In a strategic move underscored by an urgent online report, the Society of Indian Automobile Manufacturers (SIAM) has formally appealed to the Ministry of Heavy Industries for a reduction in the Goods and Services Tax (GST) on two-wheelers. This industry body has advocated for a more nuanced tax structure, differentiated by the fuel types powering these vehicles.
SIAM’s proposal calls for a substantial decrease in the base GST rate from the prevailing 28 percent to a more reasonable 18 percent. Moreover, the association has put forward a recommendation to further alleviate the tax burden on CNG and flex-fuel two-wheelers, suggesting a reduction to 12 percent. In an additional plea, SIAM has urged the ministry to abolish the 3 percent cess currently levied on all two-wheelers exceeding 350cc.

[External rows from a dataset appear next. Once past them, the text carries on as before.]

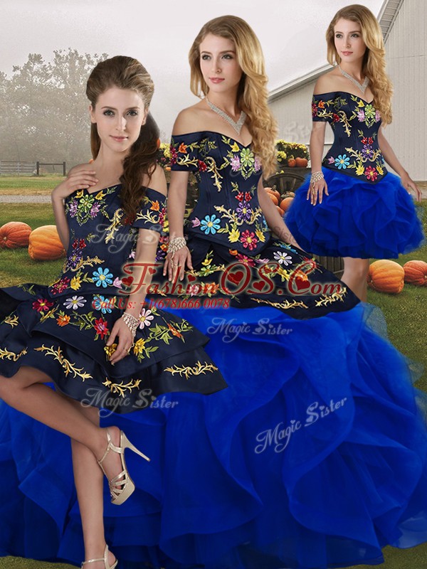 Home >  Quinceanera Dresses >  Detachable Quinceanera Skirts > Nice Sleeveless Tulle Floor Length Lace Up Ball Gown Prom Dress in Blue And Black with Embroidery and Ruffles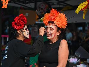 (251027) -- CIUDAD DE MEXICO, 27 octubre, 2025 (Xinhua) -- Imagen del 26 de octubre de 2025 de personas preparándose para participar en la Mega Procesión de las Catrinas 2025, en la Ciudad de México, capital de México. La Procesión de las Catrinas se celebró el domingo previo al Día de Muertos. (Xinhua/Zhang Lei) (oa) (ah) (ce)
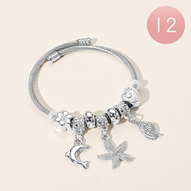 12PCS - Flower Heart Dolphin Charm Stretch Bracelets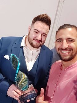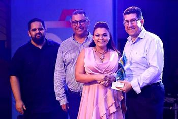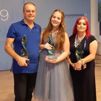 Amber Grace Scerri place 3rd with lyricst Emil Calleja Bayliss and the presence of Robert Cutajar Chairperson off KKI 2019 and PN General Secretary Clyde Puli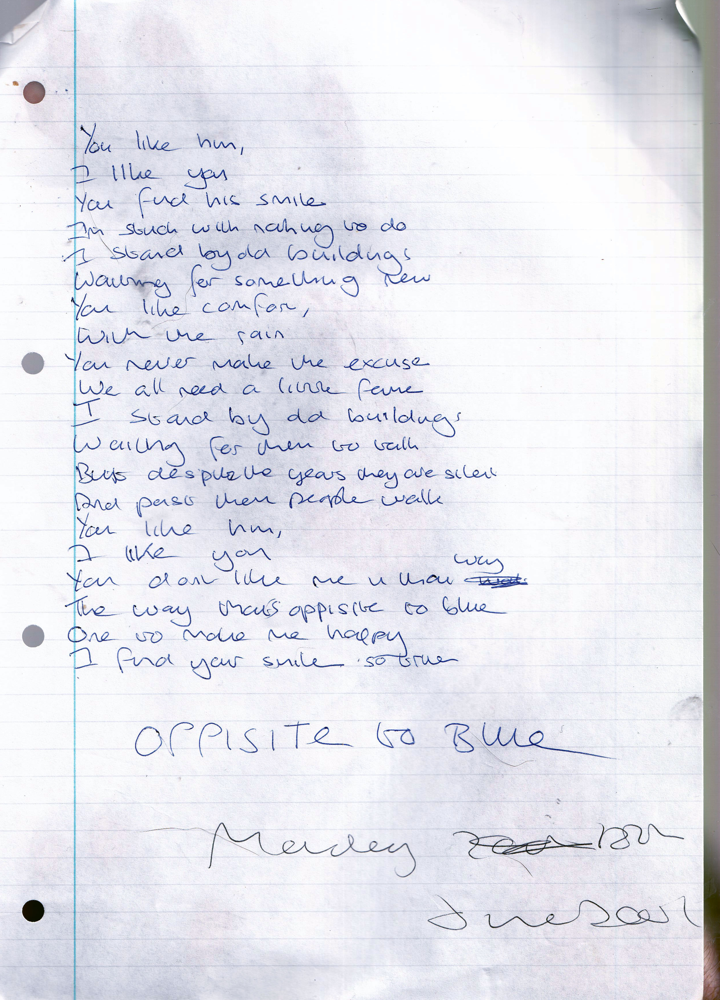 Opposite To Blue – Written Monday 18th June 2001 (Aged 26)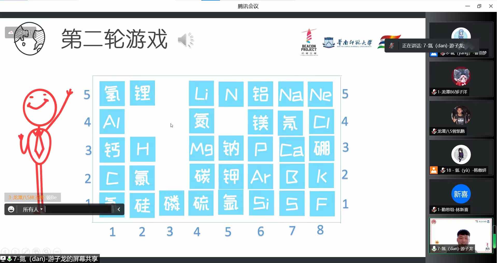 游戲化學,寓教于樂。將游戲與化學知識相結合,以創新游戲理念普及化學知識,是本次夏令營線上課程的亮點之一。游戲化學課程之一《元素連連看》的三位授課老師帶領同學們學習元素周期表,開啟化學世界的大門。授課老師用“故事記憶法”、“讀字讀半邊”、“聯想記憶法”的小技巧幫助同學們記憶化學元素的中文名稱讀法,而后進一步學習這些化學元素的性質與特征來加強記憶,最后通過簡單的連連看游戲,將元素中文名稱與符號一一對應消除,檢驗學習效果,讓同學們在歡聲笑語中掌握了化學知識。寓教于樂是教育活動的最高境界,以情施教、情知交融、以樂助學,可以使教育活動收到事半功倍的效果。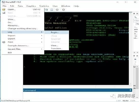 在STATA工具栏中点击File------>Log------>Begin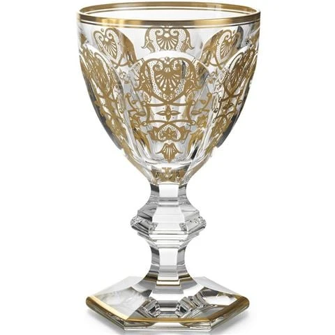 Celebrated for its elaborate design, Harcourt stemware has been in the hands of power throughout the ages. The Harcourt Empire glass shares the same structural outline as the original vessel with the addition of exquisite golden embellishment. The flat cut pattern of the bowl has golden decorative shapes applied with a light hand, and a gilded rim. The geometric bevelled stem remains classical, while the hexagonal foot is also gold-trimmed. The glass sparkles luxuriously with both lucid crystal and gold.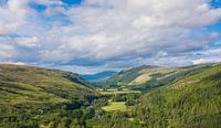 Wijds zicht op de ongerepte natuur in de Schotse Hooglanden. Veel groen en weinig bebouwing.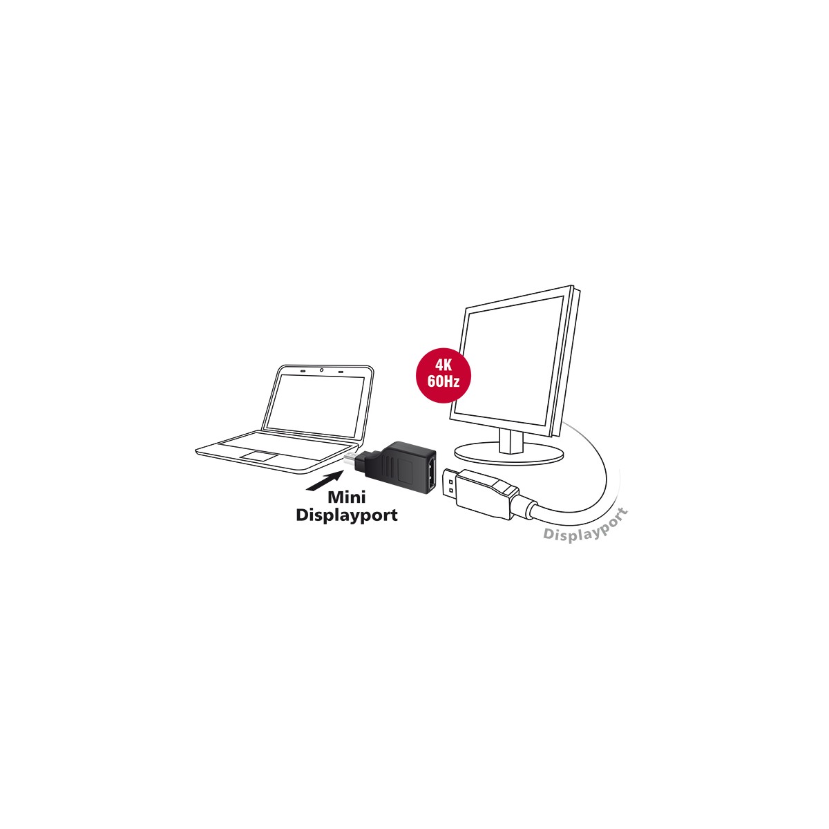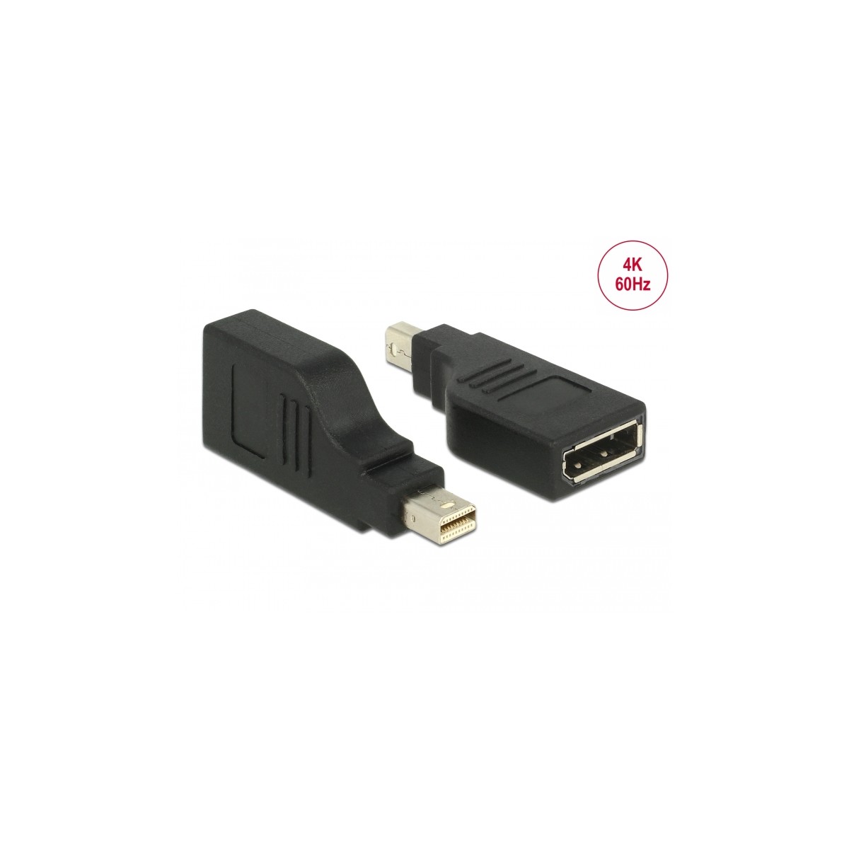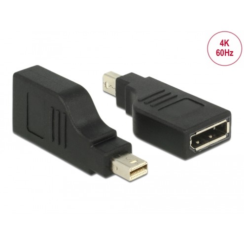 This Adapter by Delock can be connected to a DisplayPort monitor via a free mini DisplayPort interface of the system. Thereby the DisplayPort connector will be turned by 90°. The adapter supports a resolution up to Ultra HD (4K) and is backward compatible to Full-HD 1080p.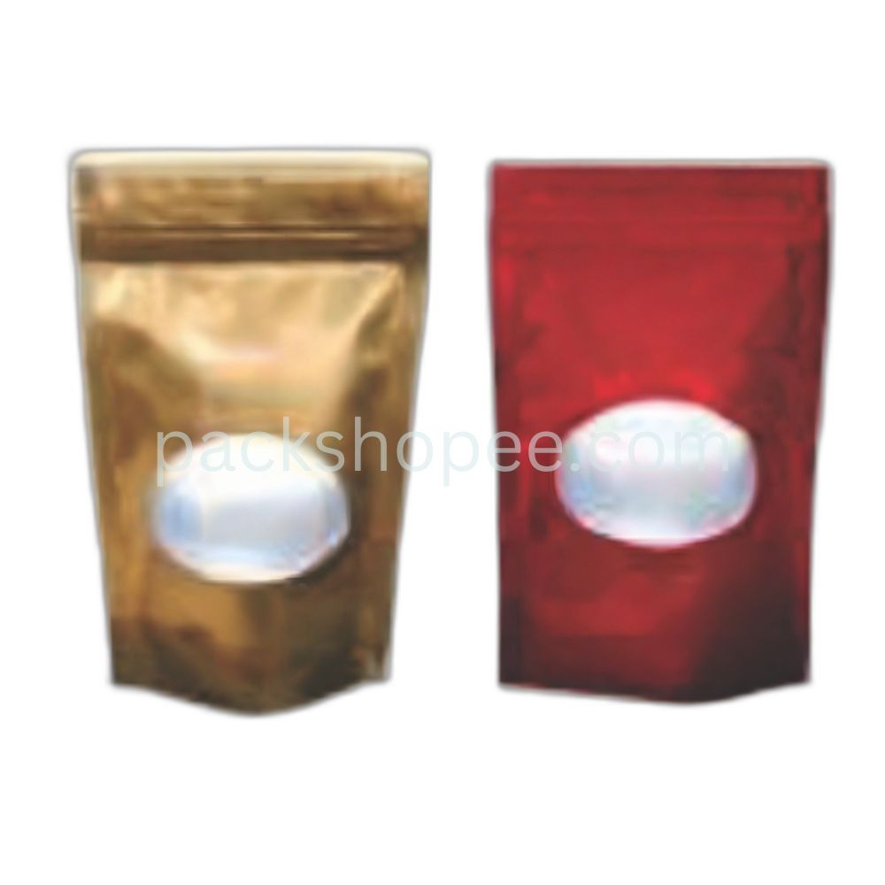 Our Colored Standup Pouches in glossy finish are available in a variety of eye-catching colors, designed to give your products a professional and attractive presentation. The sleek glossy finish provides a high-shine look. These pouches are available with both rectangular and oval window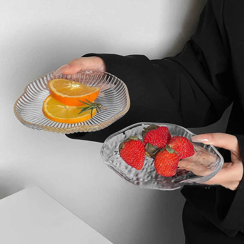 Creative Glass Condiment Dish Irregular Dip Saucer Household Simple Fruit Dessert Plate Afternoon Tea Pastry Disc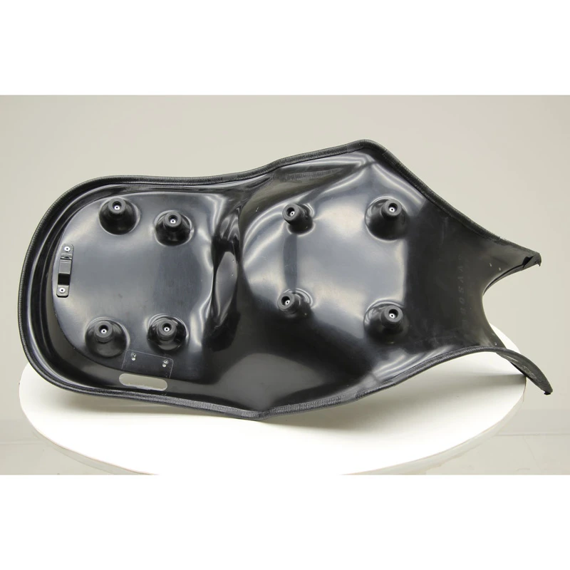 The edges of all baseplates have a steel reinforced, impact absorbing vinyl edge trim to protect the seat cover. Polyurethane bumpers are strategically located and riveted to the baseplate to prevent it from touching the frame and fender and to minimize vibration. Mustang’s unique internal support wings are added to the baseplate to provide maximum driver and passenger comfort. These wings support the entire width of the molded foam. This feature is found on most Mustang touring seats. Bumpers will not crack with age and are ozone protected. Solos with built-in driver backrests have the receiver welded and reinforced to the baseplate for strength. Foam surrounds the hardware to provide maximum comfort.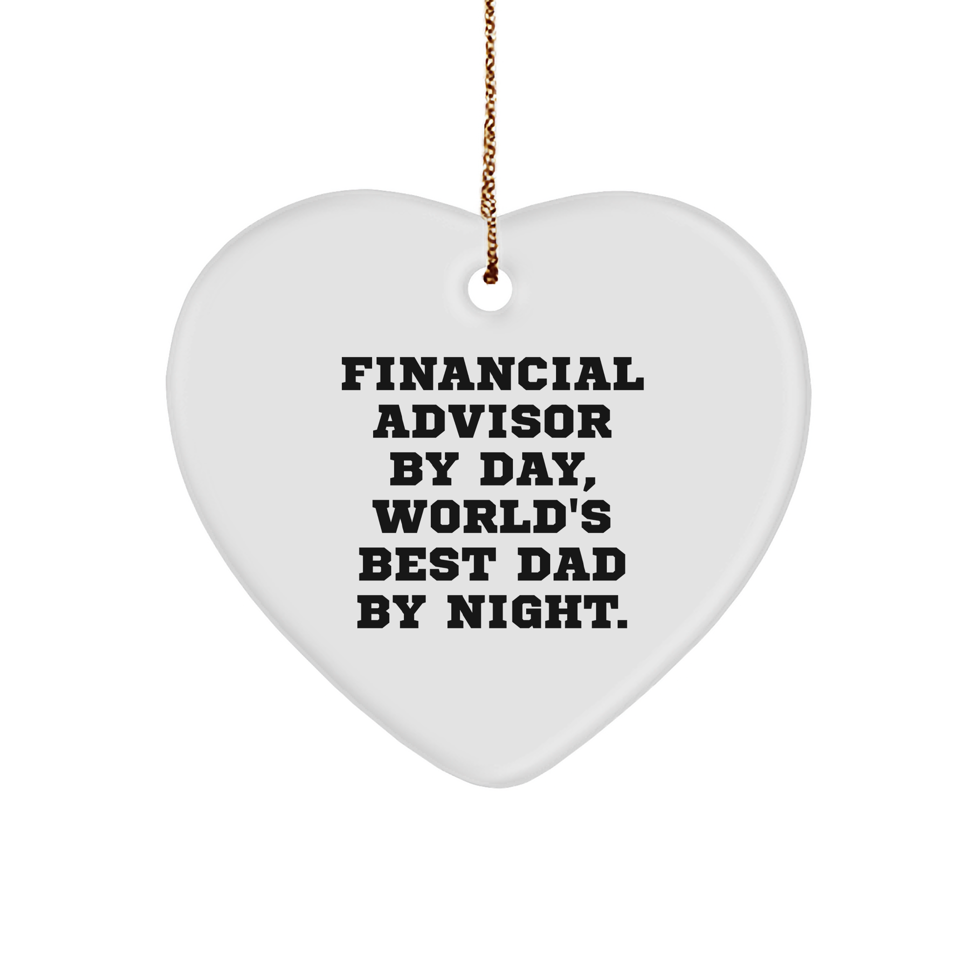 Financial Advisor Gifts, Heart Ornament, 'Financial Advisor By Day, World's Best Dad By Night.' Quote, Funny, Christmas Unique Gifts from Dad to Financial Advisor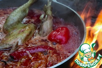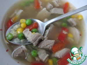 В охлажденный и процеженный бульон из баранины всыпать кукурузу и перец, не оттаивая их. Довести до кипения на сильном огне.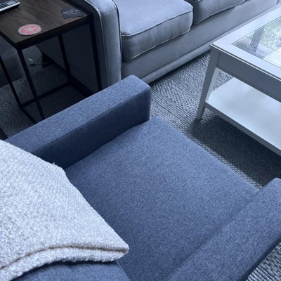 This chair looks great, is fairly comfortable, and was easy to put together. I ordered a gray chair, but the fabric is very, very blue. (See the photo of the chair in the foreground with my gray couch and gray rug.) It doesn’t go well with the rest of my living room, but I already discarded the box. Maybe I received a blue chair instead.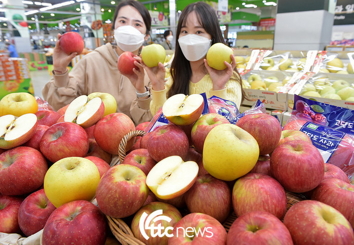 ▲ 서울시 서초구 소재 농협 하나로마트 양재점에서는 ‘양광’ 8,900원(5과/봉지), ‘시나노 스위트’ 7,780원(2kg/봉지), ‘알프스 오토메’ 5,980원(1kg/팩) 등 다양한 품종의 사과를 판매한다.(사진=농협유통 제공)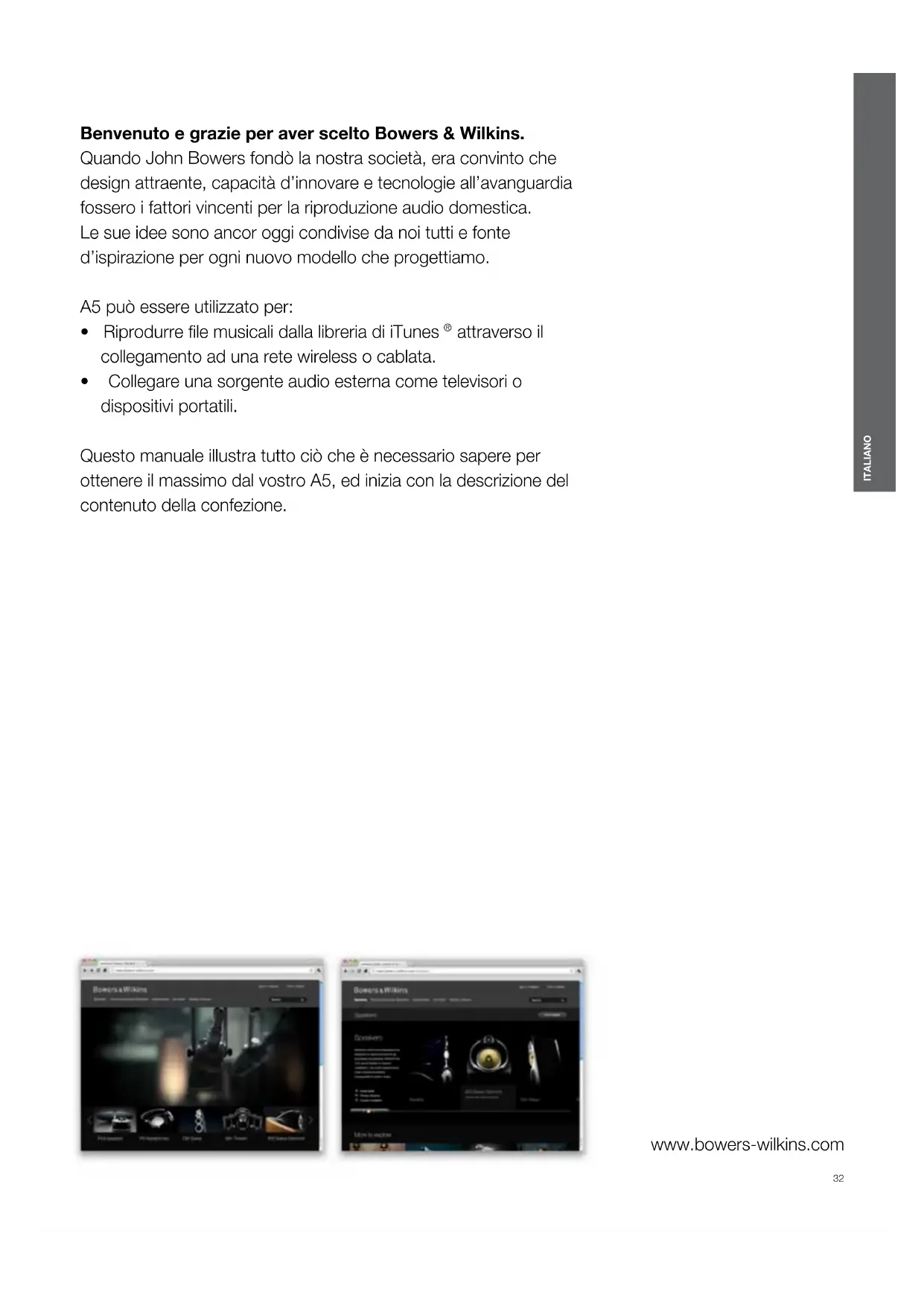 ITALIANO www.bowers-wilkins.com Benvenuto e grazie per aver scelto Bowers & Wilkins. Quando John Bowers fondò la nostra società, era convinto che design attraente, capacità d’innovare e tecnologie all’avanguardia fossero i fattori vincenti per la riproduzione audio domestica. Le sue idee sono ancor oggi condivise da noi tutti e fonte d’ispirazione per ogni nuovo modello che progettiamo. A5 può essere utilizzato per:

The overarching goal of this initiative is to enhance the affordability of two-wheelers for the Indian populace. The current market scenario, burdened by soaring prices due to stringent new safety and emission regulations, sees consumers grappling with an exorbitant 28 percent GST, along with road tax, insurance premiums, and a 3 percent cess on higher capacity bikes. This financial strain is particularly stark when compared to other developing nations like Indonesia and Thailand, where taxes hover around a mere 7-11 percent. Additionally, the high taxation on eco-friendly vehicles threatens to stymie the growth and adoption of electric vehicles (EVs), a critical component of sustainable transportation.